The most common symptom is:

  • Abnormal vaginal bleeding, in between periods, during or after sex.

Other symptoms include:

  • Unusual and/or unpleasant vaginal discharge,
  • Discomfort or pain during sex
  • Lower back pain.

Abnormal vaginal bleeding is quite common, and is usually not serious. If a woman is experiencing symptoms such as abnormal bleeding she does not require a cervical screening test but will need to be examined by her GP and should undergo a direct examination of the cervix in order to rule out the very small chance that a cancer is present.

Vaginal bleeding is extremely common and can be caused by a range of different problems including changes to the cervix (neck of the womb) called ectropion or cervical erosion, changes in hormones due to the contraceptive pill or benign cervical polyps or a sexually transmitted infection such as Chlamydia. The guidelines explain to GPs about the types of questions they need to ask to establish if the symptoms could be related to cervical cancer. A pelvic exam can be done by a GP.

If you are experiencing any of these symptoms or are concerned about any new symptom it is important that you make an appointment to see your GP as soon as possible. Some women find it embarrassing to talk about gynaecological problems. If you feel like this, you are not alone. In a recent survey 80% of women said they would see a doctor for a cold that lasted more than 3 weeks, compared to only 50% if they bled outside of a period [3]. However, your GP will not be embarrassed and they are used to talking about these subjects. Because abnormal bleeding can be a symptom of cervical cancer it is vital you seek some advice from your GP. If you want to you can also take a relative or a friend with you who can support you during your appointment with the GP.

You might also find it helpful to take the Department of Health guidance along with you to discuss with your GP.

Why does cervical screening start at 25?

According to the most recent research, abnormal cervical cells are caused by high risk infection with HPV and are very common in women under 25. They are less common in older women.

A high risk HPV infection has no symptoms so for most women they will be infected and not even know. Whilst a woman has high risk HPV, the infection can cause cells of the cervix to become abnormal (these abnormalities are sometimes called pre-cancerous changes). For most women these cervical abnormalities will clear up by themselves as the body’s own immune system gets rid of the HPV infection [4]. Some women are unable to clear high risk HPV and the abnormal cervical cells caused by this infection could with time turn into cervical cancer.

Because high risk HPV infections are common in young women, screening young women means that there would be a high number of women receiving a positive result indicating that they have abnormal cervical cells that would require further investigation. Most women with high risk HPV will clear the infection within 12 to 18 months and then the cervical abnormalities will go back to normal.
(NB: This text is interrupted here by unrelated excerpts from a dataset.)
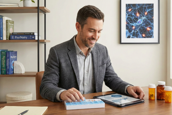Integrated psychiatric care stabilizing mood fluctuations, supporting medication management, enhancing insight, reducing relapse risk, and improving daily functioning stability outcomes.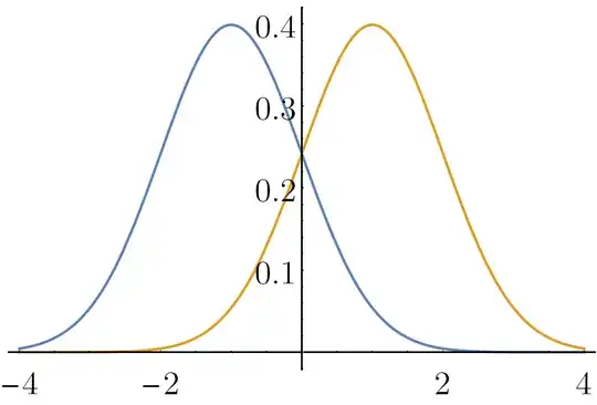 Let's call the wavefunctions of the first and second particles $\psi_A(x)$ and $\psi_B(x)$, respectively, and let us assume that their probability distributions have the form: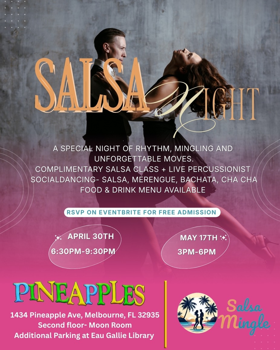 Come join us at Pineapples for a night filled with rhythm, fun, and lots of dancing! Salsa Mingle will be bringing their best moves to get everyone grooving on the dance floor. Whether you're a seasoned pro or a complete newbie, this event is perfect for anyone looking to shake it off and have a great time. Don't miss out on this opportunity to spice up your night with some hot salsa beats!

But medical experts do not currently have a way to understand which women will be able to clear their abnormalities and which could go on to have cancer. However, they do know that if a woman is older than 25 and abnormal cells have not cleared up on their own, there is a greater need to offer treatment.
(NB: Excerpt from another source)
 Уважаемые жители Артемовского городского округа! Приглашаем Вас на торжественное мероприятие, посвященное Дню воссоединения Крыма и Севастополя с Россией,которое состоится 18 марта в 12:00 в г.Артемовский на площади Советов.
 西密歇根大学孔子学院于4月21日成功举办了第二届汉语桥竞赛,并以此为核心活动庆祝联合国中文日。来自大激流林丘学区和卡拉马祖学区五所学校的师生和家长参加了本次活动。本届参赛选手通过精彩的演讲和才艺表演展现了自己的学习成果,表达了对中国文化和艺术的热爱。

So if young women are more likely to have abnormal cells this means these women will be more likely to be sent for treatment to remove the abnormal cells following a screening test.
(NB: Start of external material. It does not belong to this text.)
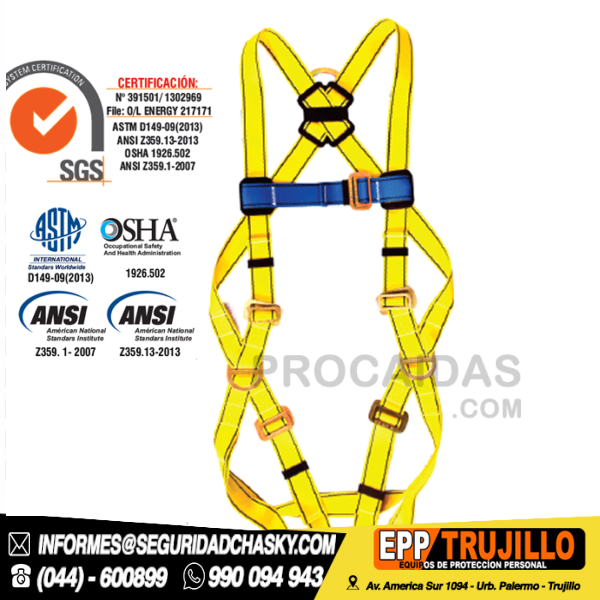 HomeProtección contra caídasArnes ARNÉS INTEGRAL DE 1 ANILLA Y 3 HEBILLAS COD: I1A3H

Treatment for cervical abnormalities has been shown to increase the risk of preterm labour and cause unnecessary anxiety for the woman. [5, 6, 7, and 8].

Diagnosis and treatment for cervical abnormalities has been shown to cause significant psychological trauma and, considering the majority of young women will clear these abnormalities without treatment, it means screening and subsequent treatment for abnormalities could cause more harm than the benefits of screening can provide.

Additionally cervical screening has been shown not to be very effective in young women. In countries where screening started at 20, rates of cervical cancer in women under 25 are not significantly different to countries that start screening at 25 [9].

The International Agency for Research on Cancer also recommends that women should not start cervical screening before the age of 25.


  1. Cervical cancer is very rare in women under 25.
  2. Abnormal vaginal bleeding can be a symptom of cervical cancer – there are guidelines in place for the under 25s with abnormal bleeding. You should see your GP if you are bleeding outside of your period or after sex.
  3. Cervical screening (the smear test) is not recommended for women under 25.

What will happen during my Cervical Screening?

Having your cervical screening sample taken should only take a matter of minutes. If it is the first time you are attending your screening it can be helpful to find out as much as possible about what will happen beforehand.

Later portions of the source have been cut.